White adults need to watch "America to Me," the most important show about teens on TV now

Salon talks to veteran director Steve James about the mixed realities in which his series' subjects are living

By Melanie McFarland

Senior Critic

Published September 23, 2018 4:30PM (EDT)

A still from "America to Me" (Starz)
A still from "America to Me" (Starz)

America to Me” is one of many current television series and films set in a high school, placing it among the pop culture in-crowd, particularly in this season of television. Writers love spinning drama out of the high school experience because that time of life provides so much to draw from, and so many ways to present it.

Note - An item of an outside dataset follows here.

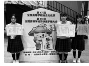
立命館慶祥高校 女子囲碁・将棋部

第47回全国高等学校総合文化祭兼 第59回全国高等学校将棋選手権大 会 女子団体 準優勝【将棋】

Even so, much of what we see about high school life via TV and film right now is not only fictionalized but greatly fantasized and heightened, not to mention specific. Many of the main characters, even diversely cast ones, are economically comfortable. Think Netflix’s hit summer rom-com “To All the Boys I’ve Loved Before” or the mockumentary series “American Vandal,” which recently released its second season on Netflix.

When series do depict teens living in economically precarious situations, they are extreme enough for many Americans to feel removed from the weight of such lives. An upcoming drama on The CW, “All American,” follows a star football player living in Compton who is recruited to play for the team at a high school in Beverly Hills. Such circumstances plant the seeds for a potentially riveting story (and a familiar one, as anybody who has seen “The Blind Side” or “The O.C.” might point out) but it may not feel relatable to the average viewer’s life.

That is why “America to Me,” a documentary series airing Sundays at 10 p.m. on Starz, is the most important chronicle of teen life airing on television right now as well as one the year’s most important series, period.

Steve James, best known for directing the multiple award-winning 1994 documentary “Hoop Dreams,” recruited a team of four segment producers to spend an academic year at Oak Park and River Forest High School, one of the finest public schools in the area, located in a community adjacent to Chicago’s West Side.

Through the eyes of 12 students James and his producers follow, the audience glimpses a taste of teenage life as it is lived by young people who don’t live in a wealthy coastal neighborhood or, conversely, in a crumbling, crime-ridden area of a major metropolis.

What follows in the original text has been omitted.